City A.M. understands that several anxious lenders sought informal clarification from Vickers’ Independent Commission on Banking (ICB) recently and were told definitively that they will not have to invent and sell new “bail-in bonds”, as parts of the ICB report had appeared to suggest.
Instead, a technical change in the law, which would force existing bondholders to be “bailed in” should the bank fail, suffices to fulfil Vickers’ new capital requirements.
Debt costs for banks spiked following the publication of the ICB’s final report, which recommended that major UK banks should have to issue bail-in bonds equal in value to 7-10 per cent of their risk-weighted assets.
Bail-in bonds are an untested asset class, whose cost analysts have been trying to calculate.

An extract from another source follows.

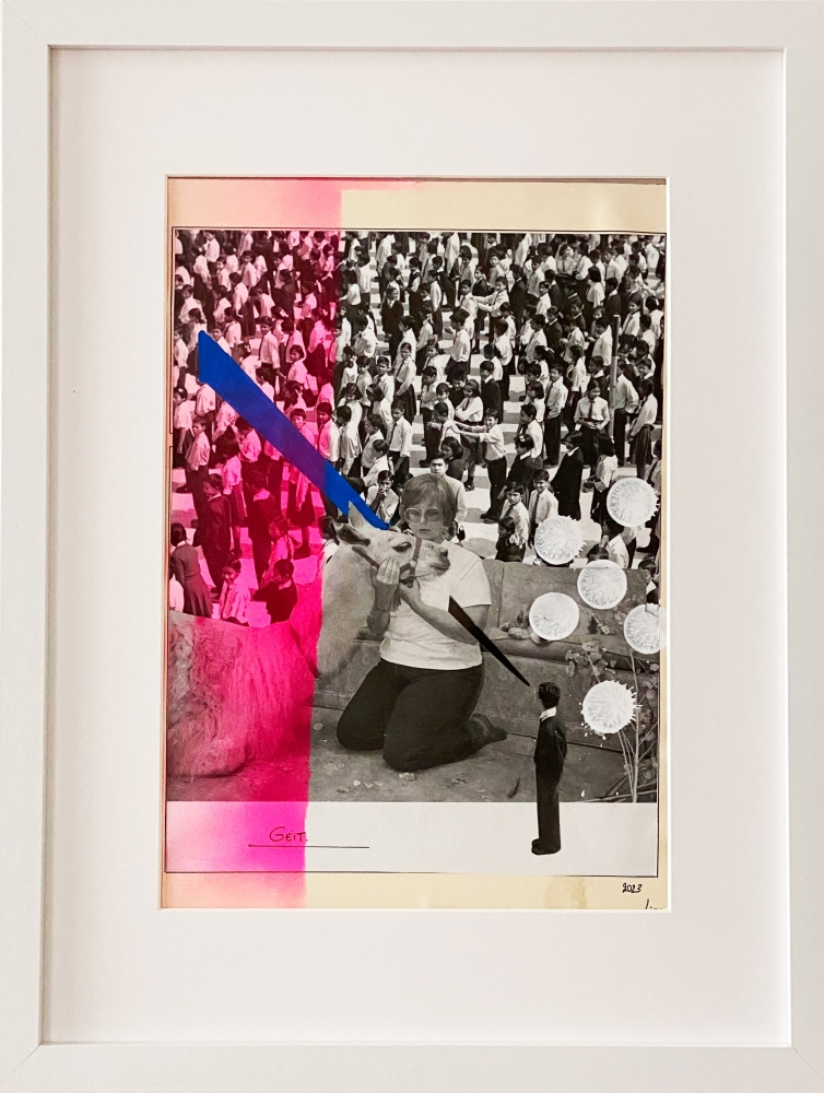 Scissors, paper, a few markers and glue, that's all you need to make the craziest collages and compositions. Lies Van Driel aka TRUT, flew around the world ( Coffee, tea me? ) and loved to make collages to keep both feet on the ground. Her artwork under the name TRUT is worth sticking to the wall. The name is Trut and although this is a swear name, there is nothing negative about her. You will especially be incredibly well disposed to the humor in her unique pieces. Elisabeth does not edit anything digitally and simply uses scissors, paper and glue. She gets her materials such as magazines, books or paper at flea markets and thrift shops.

UBS’s John-Paul Crutchley suggested that the recommendation would cause banks to “shrink or relocate”.
And yesterday, ICB critic and former City minister Lord Paul Myners told an audience hosted by the Association of Corporate Treasurers: “The bail-in debt market is almost non-existent and yet Vickers is assuming that very substantial amounts can be raised.”
Having obtained clarification from Vickers, banks are now in discussions with the UK Treasury over the details.
Despite the reassurance on bail-in bonds, however, some lenders with low asset-to-deposit ratios are worried that Vickers’ capital rules could inadvertently force them to increase their reliance on wholesale funding.
HSBC and Standard Chartered are less reliant on wholesale cash than rivals and instead meet the vast majority of their funding needs out of customer deposits, which are viewed by regulators as a safer source of liquidity.
Yet under Vickers’ proposals, they could potentially be forced to issue more expensive debt to meet his loss-absorbing requirements. Because the debt would be calculated as a proportion of their huge global balance sheets, it could prove extremely costly.
It is understood that discussions are now underway between the Treasury and banks to remove the perverse incentive in the proposals.